NLRB Judge Rules that Employer Violated Federal Labor Law by Firing Employee for Profanity-Laced Derogatory Comment about a Customer

March 2016
By James B. Sherman, Esq.

Employers are likely to put this recent decision in the ever growing category of unthinkable rulings coming from the National Labor Relations Board (NLRB) these days. An employee of Quicken Loans commented to a co-worker during a conversation that took place in a restroom, that a customer needed to “call a client care specialist and stop wasting my [f-ing] time.” When a manager later learned of this the employee believed to have made the comment, was summarily discharged. Management declared that the offending employee was terminated to uphold a company culture where all employees are expected at all times to display the utmost degree of professionalism and integrity. However, as is becoming more and more common these days, even for those who are not represented by a union, the employee went to the NLRB to file an “unfair labor practice,” or ULP charge. Following an investigation the NLRB’s General Counsel issued a complaint against Quicken Loans and the matter went to a full evidentiary hearing. Following the hearing, Administrative Law Judge (ALJ) Dickie Montemayor ruled in the employee’s favor.

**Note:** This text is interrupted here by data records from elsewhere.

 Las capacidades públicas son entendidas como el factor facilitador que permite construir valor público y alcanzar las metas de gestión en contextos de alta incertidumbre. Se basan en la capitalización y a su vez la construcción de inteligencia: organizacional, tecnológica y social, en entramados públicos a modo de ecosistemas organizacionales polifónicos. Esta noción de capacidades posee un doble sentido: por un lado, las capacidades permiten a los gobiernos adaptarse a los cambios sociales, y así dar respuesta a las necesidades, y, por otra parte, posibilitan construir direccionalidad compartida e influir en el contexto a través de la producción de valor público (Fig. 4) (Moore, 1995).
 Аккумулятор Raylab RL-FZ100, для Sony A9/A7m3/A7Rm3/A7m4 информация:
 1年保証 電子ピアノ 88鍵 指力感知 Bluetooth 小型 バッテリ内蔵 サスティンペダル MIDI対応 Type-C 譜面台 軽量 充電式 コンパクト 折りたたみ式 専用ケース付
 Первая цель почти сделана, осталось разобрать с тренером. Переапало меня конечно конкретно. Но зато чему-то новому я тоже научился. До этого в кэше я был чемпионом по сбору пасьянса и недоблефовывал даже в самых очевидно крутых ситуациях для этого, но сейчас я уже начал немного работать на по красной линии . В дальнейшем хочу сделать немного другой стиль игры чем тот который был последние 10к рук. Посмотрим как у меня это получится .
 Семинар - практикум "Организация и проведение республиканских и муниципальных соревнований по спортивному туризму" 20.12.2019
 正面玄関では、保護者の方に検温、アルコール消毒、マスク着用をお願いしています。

Notwithstanding the employee’s use of a vulgarity in reference to a customer, the ALJ determined the profane comment nevertheless amounted to “concerted activity” worthy of protection under Section 7 of the National Labor Relations Act. The ALJ therefore ruled that Quicken Loans violated federal labor law and ordered the firm to: (1) rehire the employee; (2) pay him for all lost earnings and otherwise make him “whole”; and (3) eliminate any work rules that “unlawfully restrain … employees’ rights to discuss working conditions.” In other words, Quicken Loans’ expectations for employees to at all times display professionalism, integrity, etc. interfered with this employee’s “protected right” to refer to its customer using profanity and, therefore, was deemed an unlawful policy that could not be maintained!

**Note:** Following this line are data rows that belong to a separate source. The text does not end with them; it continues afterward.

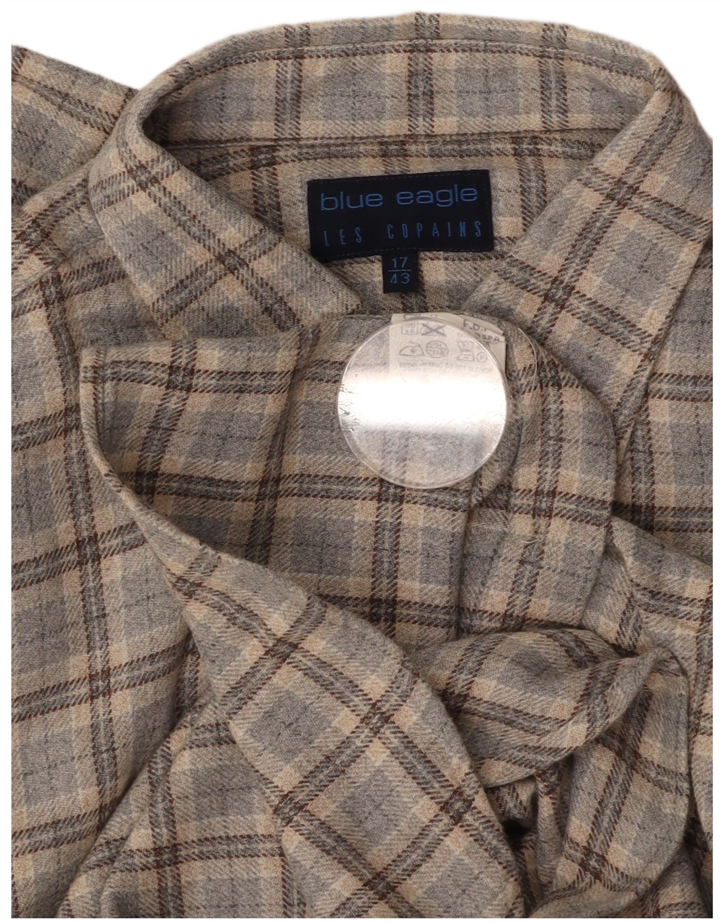 LES COPAINS Camisa de franela para hombre Talla 17 43 XL Algodón a cuadros gris
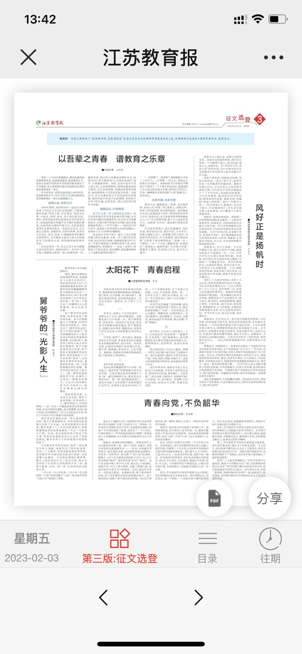 江苏省教育厅关于“奋进新征程,青春勇担当”全省大学生征文比赛特等奖;1
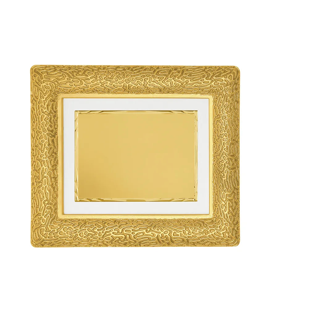 Cornice In Resina Porta Targa Finitura Oro. Fornita In Scatola Di Cartoncino Bianco Con Stampa Logo Argemy
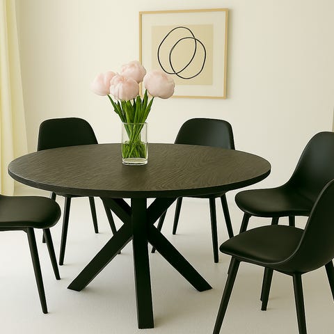 Bordet er rundt men der medfølger to plader som nemt kan sættes til bordet. Bordet fylder cirka Ø110cm når det ikke er sammensat.
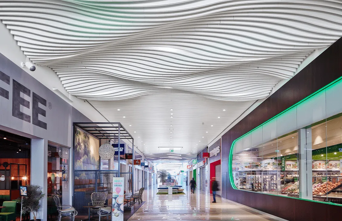 Ecophon Baffle Волна — это элегантное и функциональное решение для улучшения акустики и визуального оформления пространства. Эти свободновисящие акустические элементы без обрамления имеют уникальную волнообразную форму, предназначенную для создания мягких волн на потолке, что добавляет динамику и современный стиль интерьеру.

Section 7 of the NLRA prohibits employers from unlawfully interfering with or restraining employees’ rights to engage in “concerted activity” for the purpose of “mutual aid and protection” in regards to terms and conditions of employment. For decades in the past, in order for conduct to be protected as “concerted” the NLRB has required that an employee must have acted on behalf of more employees than just himself or herself. However, in the Quicken Loans case the employee’s comment clearly was directed to a co-worker, complaining about a customer. How, you ask, can this have been found to involve mutual aid and protection for others? The ALJ somehow concluded that the employee’s profanity was a “preliminary action” necessary to “lay the groundwork for group activity.” Really? The ALJ appears to have used pure speculation to conclude that the employee’s f-bomb was used to cause the other employee to voice support for his complaints. Again, really?

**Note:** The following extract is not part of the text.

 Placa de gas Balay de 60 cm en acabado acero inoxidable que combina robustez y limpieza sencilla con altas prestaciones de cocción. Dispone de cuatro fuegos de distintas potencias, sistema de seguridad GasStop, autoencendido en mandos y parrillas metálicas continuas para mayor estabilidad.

The ALJ’s decision in Quicken Loans, if it stands, drastically broadens the scope of protected concerted activity to include individual actions or comments that do not involve other employees, and have little or nothing to do with mutual aid or protection. Many employers will no doubt be deeply troubled that this decision found that disciplining an employee for derogatory and vulgar comments aimed at his employer’s customers, was against federal labor law. However, the Quicken Loans decision could be opening a much larger “Pandora’s Box” of problems for employers. By defining concerted/group activities to include individual comments based on an NLRB judge’s unproven assumptions that an employee appearing to be acting alone, may have been “laying the groundwork” for concerted activities at some future point in time, concerted employee activities protected by federal labor law effectively would be without limitation.

Quite understandably, a spokesperson for Quicken Loans called the decision “ridiculous.”